Kornwestheim Zwischen den Gleisen des Kornwestheimer Rangierbahnhofs entsteht neuer Lebensraum für bedrohte Tierarten und seltene Pflanzen. Von Gaby Mayer-Grum

Kornwestheim Zwischen den Gleisen des Kornwestheimer Rangierbahnhofs entsteht neuer Lebensraum für bedrohte Tierarten und seltene Pflanzen. Von Gaby Mayer-Grum

Früh am Morgen habe er sie gesehen, erzählt Hubert Laufer mit leuchtenden Augen. Auf einem Stein, der angenehm warm, aber noch nicht zu heiß gewesen sein muss, habe sie sich die Sonne auf die in Brauntönen schimmernde Haut scheinen lassen.
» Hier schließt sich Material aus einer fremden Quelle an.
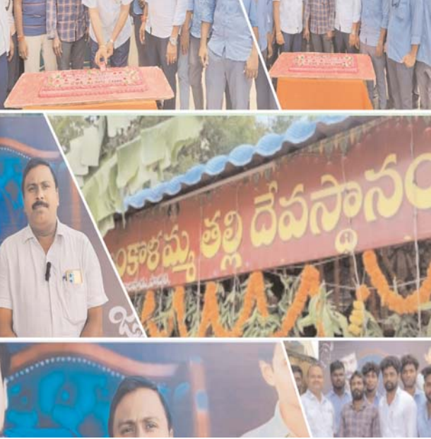
(షణ్ముఖ వెలుగు, పాదిలి, ఆగస్టు 22) మండలంలోని కంభాలపాడులో మెగాస్టార్ చిరంజీవి 69వ జన్మదిన వేడుకలు శ్రీ అంకాలమ్మ తల్లి దేవస్థాన ప్రాంగణంలో చిరంజీవి అభిమానులు ఘనంగా నిర్వహించారు.

మాట్లాడుతూ... కేంద్ర మాజీ మంత్రి, పద్మ విభూషణ్, మెగాస్టార్ కొణిదెల శివ శంకర వరప్రసాద్ ( చిరంజీవి), సినీ రాజకీయరంగంలో మచ్చలేని నాయకుడైన, 150 సినిమాల్లో నటించి, దేశవ్యాప్తంగా మూడువేల అభిమాన సంఘాలు స్థాపించి నేత్రదానం - రక్తదానం కార్యక్రమాలు చేపట్టారన్నారు.
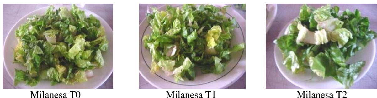
Figura 8. Lechuga tipo Milanesa después de 7 días de almacenaje.

En la lechuga tipo Milanesa a los 7 días sólo se pudo evaluar los tratamientos Milanesa T0 y Milanesa T2, el tratamiento Milanesa T1 por motivos de seguridad no se evaluó, debido a la alta contaminación presentada en el análisis microbiológico realizado antes de la evaluación (Cuadro 22). En este caso la apariencia resultó ser “Menos que regular” para ambos tratamientos y el pardeamiento “Levemente alto”; la aceptabilidad fue “Indiferente” para ambos tratamientos y sólo presentó diferencias significativas el parámetro de sabor que obtuvo un valor equivalente a “Levemente alto” para Milanesa T0 y “Levemente bajo” para Milanesa T2 (Figura 8)

Nachdem sie die richtige "Betriebstemperatur" erreicht hatte, machte sich die scheue Dame allerdings davon. Vielleicht auf die Suche nach leckeren Frühstücksinsekten und später zu einem Schläfchen im kühlen Schatten der Sträucher. Jetzt, um die Mittagszeit, lässt die Zauneidechse nicht einmal mehr die Spitze ihres Schwanzes sehen - viel zu heiß ist es dem wechselwarmen Tier in der Sonne geworden.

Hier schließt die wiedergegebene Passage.